感謝祭が終わり、税制改革法案をめぐる上院での審議が本格化しました。27日は、上院財政委員会の議員がホワイトハウスを訪ね、トランプ大統領とランチをとりながら意見を交換しました。28日は、トランプ大統領が議会を訪ねます。


税制改革法案を巡っては、共和党の上院議員数人が反対、あるいは慎重な姿勢を示しています。一連の会議を控えトランプ大統領は、法案を通過させるため、一部修正する方向だとツイートしました。中間所得層にとっても、企業にとっても節税となり、うまくいくとしています。


トランプ大統領の主張通り、上院の税制改革法案では、年間に10万米ドル(約1110万円)を超す所得がある世帯は減税になることが議会の予算局(CBO)の試算で示されました。

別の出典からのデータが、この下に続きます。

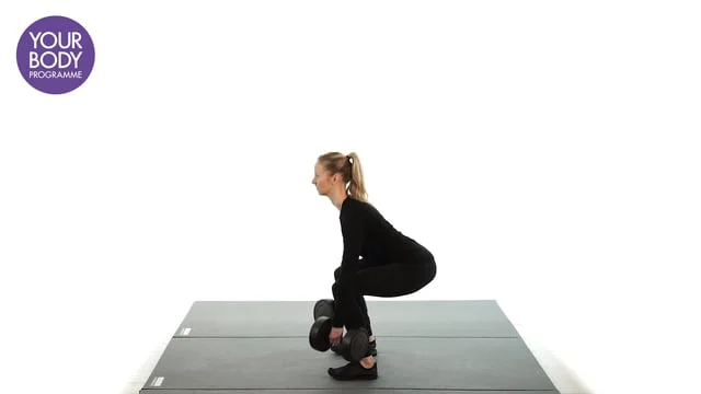 Stand feet shoulder width apart and hold dumbbells to your shoulders. Bend the knees into a deep squat, push the bottom backwards and maintain neutral spine. Press the heels into the floor as you extend the legs. Make sure your knees track inline with your toes.

しかし同時に、低所得層には大幅な増税になることも明らかになりました。さらに、今後10年間で財政赤字額が1兆4000億米ドル(約155兆円)増えることも示されました。


下院はすでに独自の税制改革法案を可決しています。ただ、減税の期限、所得区分、控除の範囲と規模などで上院の法案との違いが大きい。このため、上院が法案を可決したとしても、下院との調整が難航する可能性があります。


トランプ大統領と共和党は、クリスマス前に税制改革を成立させることを目標にしています。日程をにらみ、上院は早ければ今週中にも法案を採決する方向です。今週のマーケットは、ワシントン発の税制改革に絡む動きに一喜一憂することが予想されます。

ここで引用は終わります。